FILM ARCHIVES

Slick Climate-Change Doc ‘Time to Choose’ Presents Hope Without Measuring Its Cost

by

If you’ve paid any attention to the news in the past twenty years, little of Charles Ferguson’s glossy climate-change documentary Time to Choose will come as a shock. The horrors of the coal industry, the decimation of the rainforests, the fast-rising sea levels — all familiar, terrifying stuff, and powerfully depicted in this globe-spanning portrait of the present crisis.

However, if An Inconvenient Truth served to scare us, then Time to Choose offers hope, presenting what amounts to an hour-and-45-minute commercial for renewable technology that might inspire confidence in scientific progress even as it reminds us that it isn’t cheap being green.
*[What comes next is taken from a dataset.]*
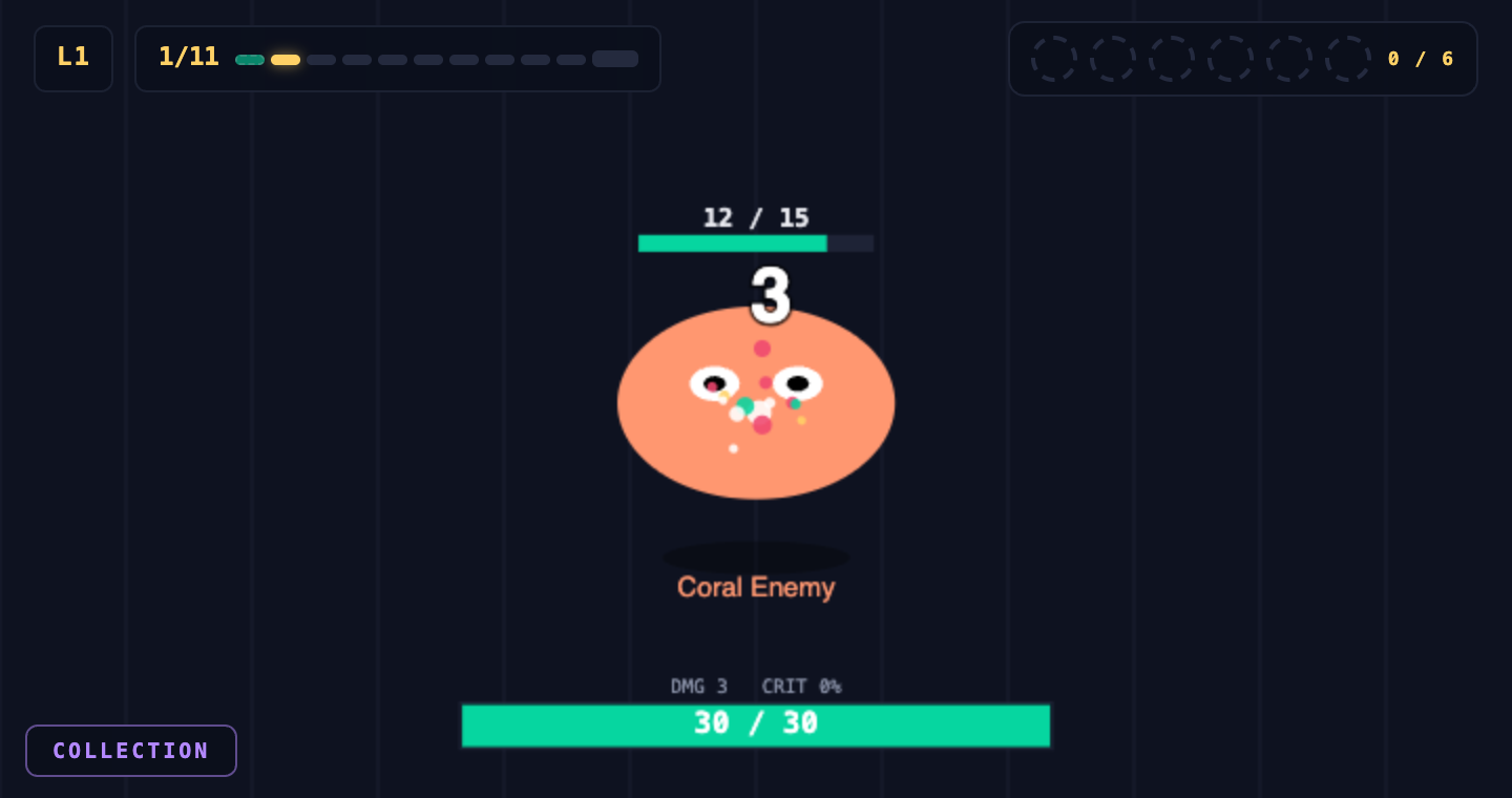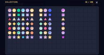 A click-battler where you tap at colorful shapes and slowly fill out a collection grid. Kill enemies, pick a card, move to the next fight, try not to die. If you do, your colors turn into ghosts and you have to earn them back.
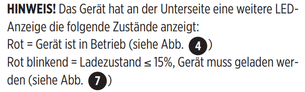 Mh... die rote LED dürfte leuchten sobald Ladestrom fließt. Aber im Betrieb? Und blinken wenn Ladezustand unter 15%???? Mhh.. Zeig doch mal bitte ein Foto des ominösen Wechselspannungsladegerät

That might be the opposite of the point. As the industry insiders assembled by Ferguson argue, the financial costs of halting climate change will drop as the demand for sustainable practices rises. They want us to leave the theater shouting “Yes, we can!” Yet for all the galvanizing talk of solar energy, wind turbines, electric cars, and vegetarian diets, the filmmakers seem to forget that many people who want to save the planet will never be able to afford these grand gestures of ethical consumerism.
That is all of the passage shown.